Alimentar la esperanza
Hace un año, varios países europeos asombraban al mundo iniciando en cadena un inesperado y fulgurante proceso de cambios que, con diversas connotaciones, acumulaba las comunes características de un eufórico entusiasmo y un esperanzado optimismo, sostenidos ambos en el débil andamiaje de un porvenir plagado de interrogantes. La complacencia y la solidaridad fueron el eco que aquellos movimientos despertaron en el mundo entero.Con el paso del tiempo, la realidad ha ido mostrando su cara menos agradable, las dificultades y costes sociales que la experiencia comportará, el dramatismo de una herencia en números rojos.
Este panorama no es mejor -dejando aparte el caso especial de la RDA- en aquellos países que arrancaban de una situación objetiva menos negativa y que contaban con unas más sólidas tradiciones de todo orden, viéndose agravado por la aparición de nuevos nubarrones que podrían incidir de forma sensible en la evolución y viabilidad de aquellos proyectos y procesos.

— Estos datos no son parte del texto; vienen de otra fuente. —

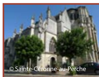
Mortagne-au-Perche église Notre-Dame
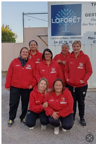
Pétanque Axéenne ¼ Finaliste CRC Féminin 2024
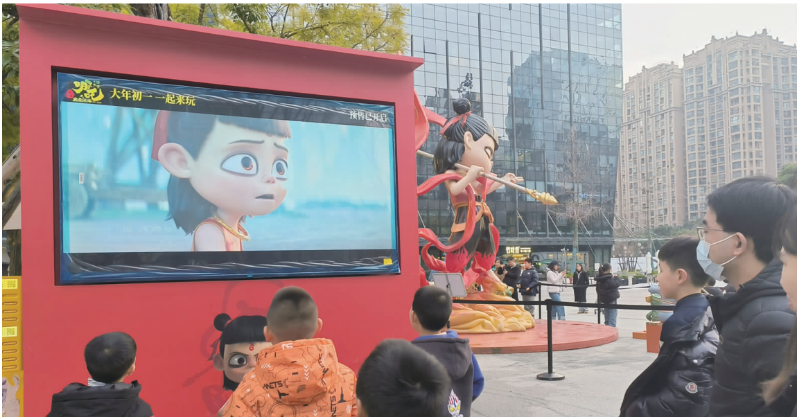
《哪吒2》上映后，众多成都市民在街头欣赏电影片段。
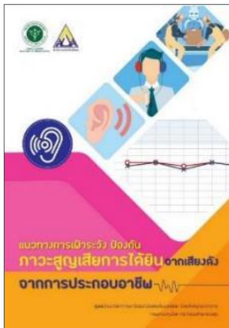
ภาพที่ ๔.๓ ..แนวทางการเฝ้าระวัง ป้องกัน ภาวะสูญเสียการได้ยินจากเสียงดังจากการประกอบอาชีพ

๓. แนวทางการเฝ้าระวัง ป้องกันภาวะสูญเสียการได้ยินจากเสียงดังจากการประกอบอาชีพ รูปแบบ digital จำนวน ๑ เรื่อง โดยมีวัตถุประสงค์เพื่อเป็นแนวทางใช้เครื่องมือทางด้านอาชีวสุขศาสตร์ ในการประเมินสภาพแวดล้อมการทำงาน และเครื่องมืออาชีวเวชศาสตร์ในการตรวจสอบสุขภาพตามปัจจัยเสี่ยง จากการทำงานสำหรับ แพทย์ พยาบาล นักวิชาการ หรือผู้ที่เกี่ยวข้องสามารถนำไปใช้ในการดำเนินงาน จัดบริการอาชีวอนามัย เพื่อเฝ้าระวังสุขภาพผู้ที่มีความเสี่ยงที่จะเกิดการสูญเสียการได้ยินจากการสัมผัส เสียงดังจากการประกอบอาชีพจำนวน ๑ เรื่อง
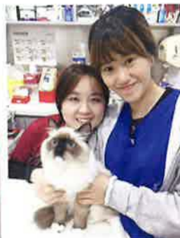
貓咪日漸健康，大家都倍感欣慰。
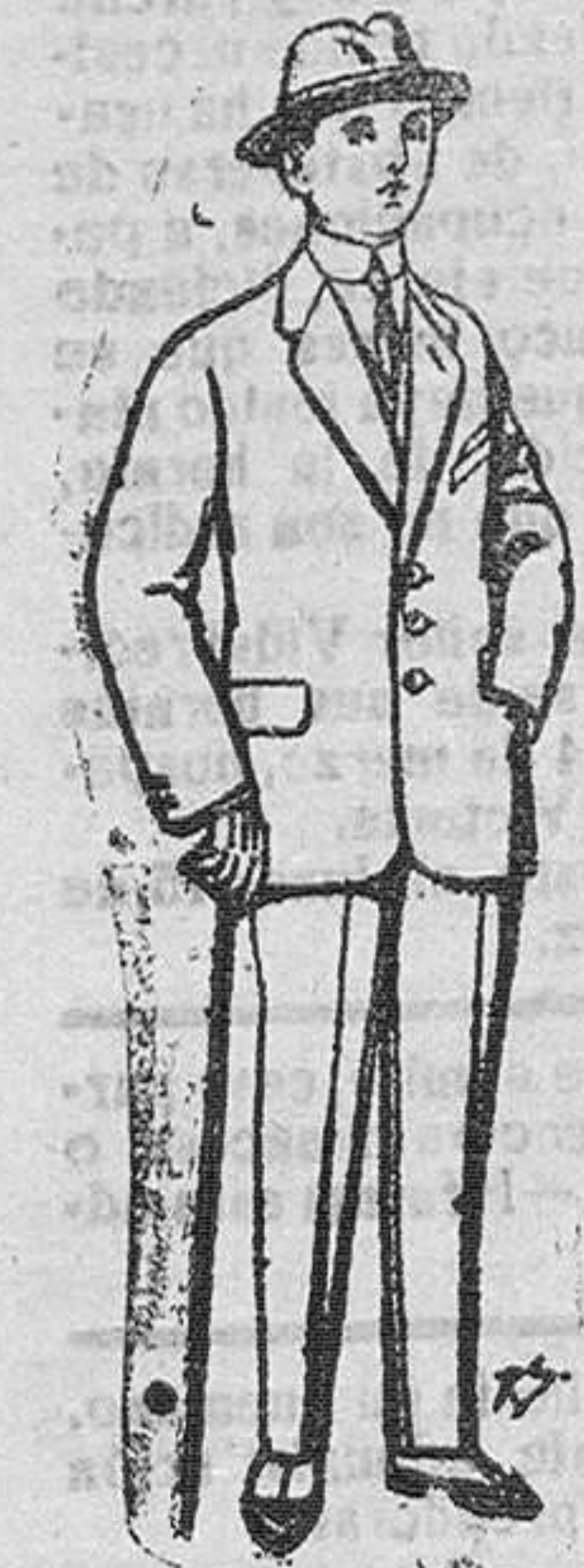
Trajes de paten para niños de 10 a 18 años De Pts. 13 a 48

Nunca ha sido más cierto que ahora que en Europa central se ha producido un peligroso vacío. Una zona ya tradicionalmente inestable y cuna de numerosos conflictos históricos, ha roto con las prácticas e instituciones con las que ha vivido durante más de cuatro décadas y no ha conseguido aún crear los nuevos usos de reemplazo. En esas condiciones, además de la solidaridad y el aliento, es urgente implicar a aquellos países en una red de relaciones con organismos e instituciones -en especial, europeas- que les salven de su sentimiento de orfandad y que posibiliten, en estos críticos momentos, la irreversibilidad de los procesos y el mantenimiento de unos mínimos de optimismo. Dejarles reposar en el escepticismo y el desengaño es como condenarles de antemano a la peor de las suertes. Hasta hace poco aún, estos pueblos han trabajado sobre una hipótesis de futuro que reiteradamente se anunciaba como peor aún que su presente. En la actualidad están ya inmersos en ese hoy que afecta directamente a sus vidas y a sus economías.

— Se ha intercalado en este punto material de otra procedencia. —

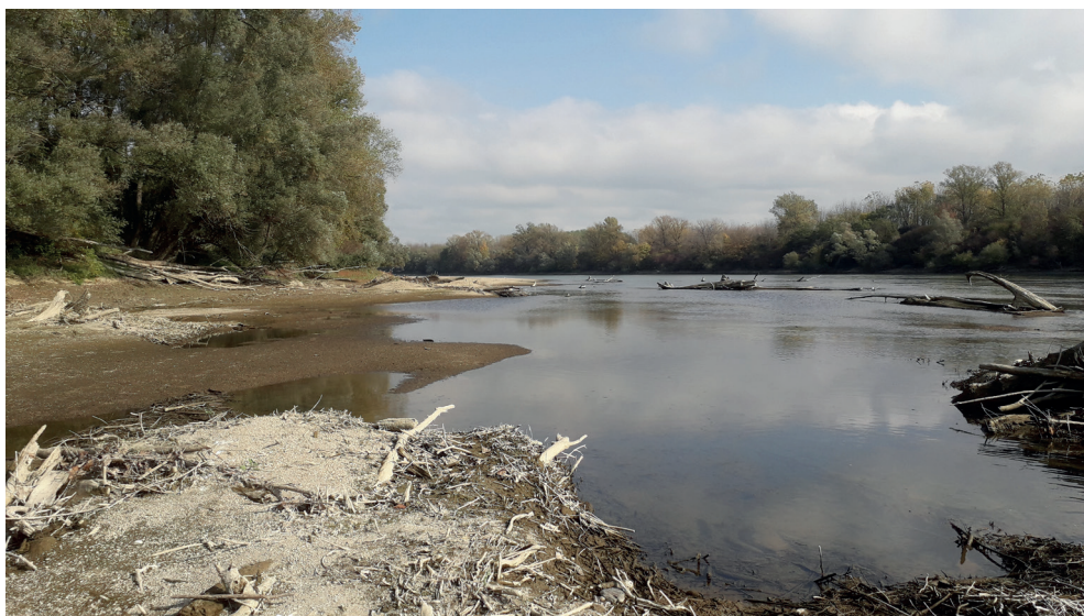
9. ábra. Barcs közeli Drávaszakasz partszegélyi mélyedései, ahol átvészelik a kiszáradást
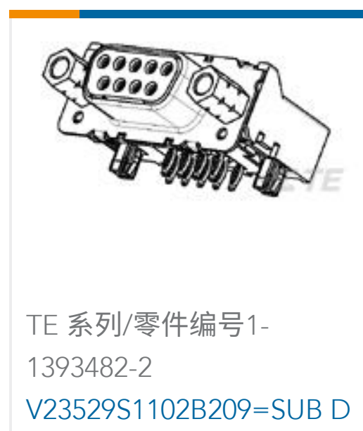
TE 系列/零件编号1- 1393482-2 V23529S1102B209=SUB D EP 90
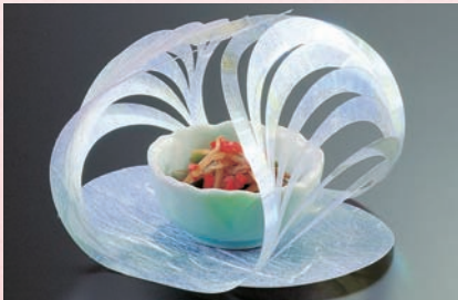
オーロラマリモ(100枚入)

16-258-13 (26128) 小 7,200円 (1枚当り72円) 約9.3×7.2×H6.5cm
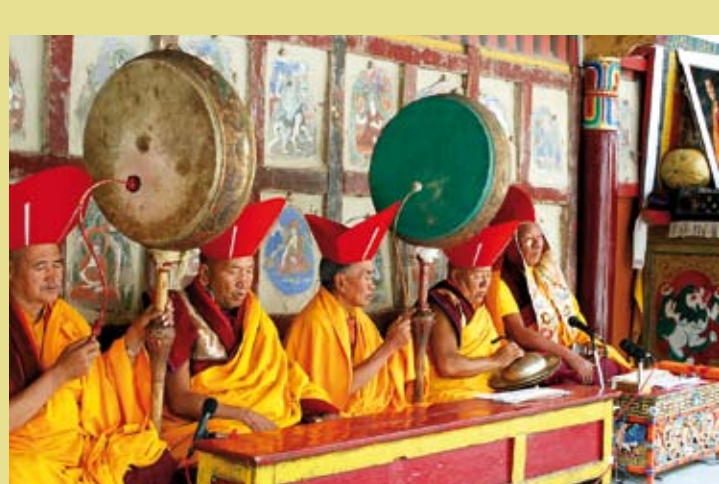
INDE – Le chant bouddhique du Ladakh : récitation de textes sacrés bouddhiques dans la région transhimalayenne du Ladakh, Jammu-et-Cachemire, Inde
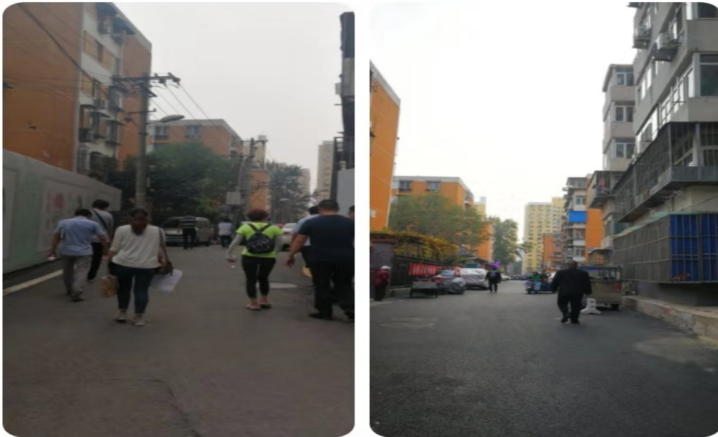
三丰路入地前后对比（雅宝路地区）
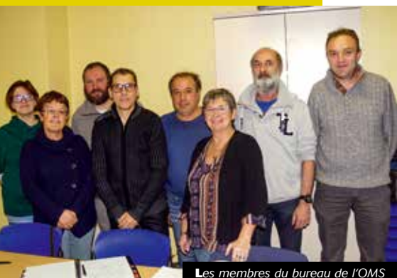
Les membres du bureau de l'OMS

Renseignements : catherine.jousserand@gmail.com
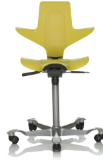
HÅG Capisco Puls B010 Keltainen
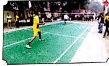
दिग्विजयनाथ स्मृति बैडमिन्टन प्रतियोगिता 2018-19
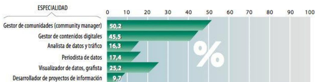
Nuevas especialidades en los medios españoles
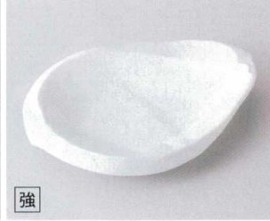
20819-086 1,000円 260820819 強化白釉ちぎり4.5寸皿 (138×115×34mm)
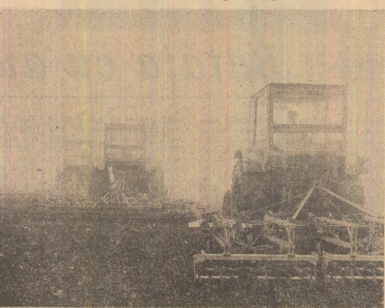
Spre cîntecul lor, cei 14 mecanizatori care lucrează pe terenurile C.A.P. Mihăilești-Buzău se aflau în plină activitate încă din zorii zilei, la pregătirea terenului și semănat

1. Por una parte, la URSS atraviesa por una grave crisis social, política y económica que pone en entredicho su propia reforma y estabilidad. Una inestabilidad que es tanto más inquietante cuanto que el efecto mimético positivo que tuvo en su momento la perestroika -y que constituyó, sin duda, un factor decisivo, aunque no exclusivo, para los acontecimientos de 1989- podría llegar a revertirse e influir de forma negativa en los países del entorno, desequilibrando procesos, alterando sus ritmos e incluso variando sus objetivos.

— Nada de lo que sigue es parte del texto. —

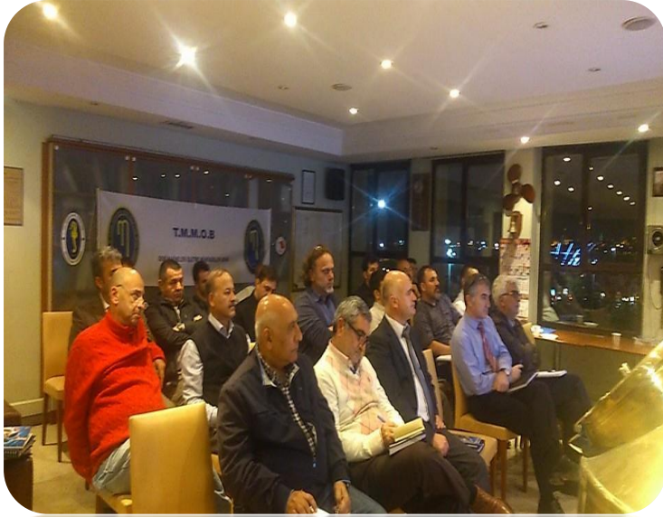
30 Ekim 2014 tarihinde Gadem TMMOB GEMİMO Bilirkişi Eğitimi

2014 yılı Bilirkişi Eğitim Semineri 30.10.2014 tarihinde Gündüz Aybay Denizcilik ve Eğitim Merkezi'nde gerçekleştirildi ve seminer sonunda katılımcı üyelere sertifikaları verildi.
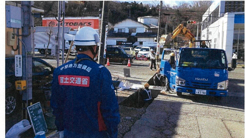
○七尾市藤橋町における調査【水道支援班】
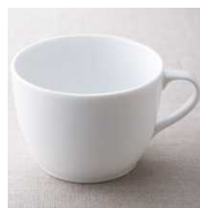
マグカップ 945円 サイズ 口径10.5×高さ7.5cm 満水容量 400ml
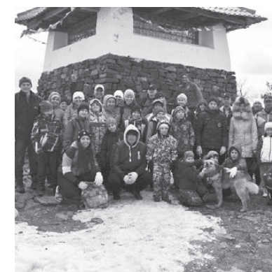
На вершине Качканарской горы.

Заселившись в лагерь, мы тут же направились к подножию горы. Подъем предстоял серьезный. Высота горы 887 метров. В это время года там лежит снег, под которым протекают горные ручьи, и ветра пронзывают насковзь. Замерзшие, промокшие до ниточки, мы поднимались все выше и выше. Во время пути невольно задумывались, какая неведомая сила движет нами? Наверное, в первую очередь, это дружная команда, вместе с которой пережиты победы и поражения, многочасовые тренировки в спортзале, а также бойцовский дух и взаимная поддержка. С другой стороны — это азарт и желание проверить свои возможности, доказать, на что способен. Ну и, конечно же, красота и величие самой горы. Сложно передать словами те эмоции, которые испытываешь, стоя на вершине. Восторг переполняет сердце! Именно с ним ты впитываешь прекрас-
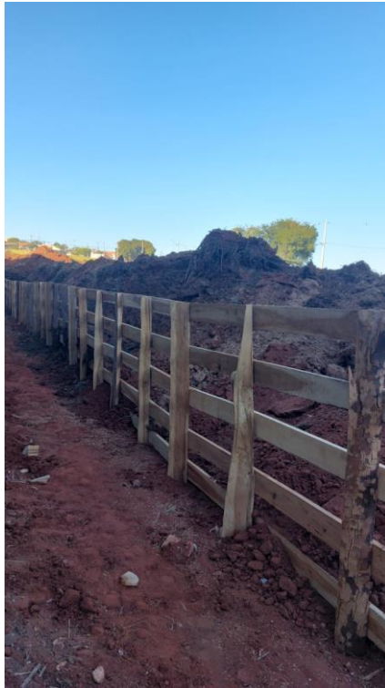
Figura 20 – Construção da paliçada e descarte de material

Como ha dicho Furet, el imperio soviético se ha desmoronado sin haber encarnado nunca una civilización y dejando al desnudo la inmensidad de la gran mentira oficial.
La gravedad de esta situación se acentúa cuando el propio muro de contención que suponía, interna y externamente, la perestroika en marcha parece sufrir serias resquebrajaduras.
2. En segundo término, la crisis del Golfo ha obligado al mundo más desarrollado, en cuya solidaridad y apoyo confiaron desde el primer momento las nuevas democracias europeas, a desplazar buena parte de su atención y recursos, debilitando, por tanto, el esfuerzo que cabía esperar como primera respuesta a las apremiantes necesidades que de inmediato hicieron su aparición.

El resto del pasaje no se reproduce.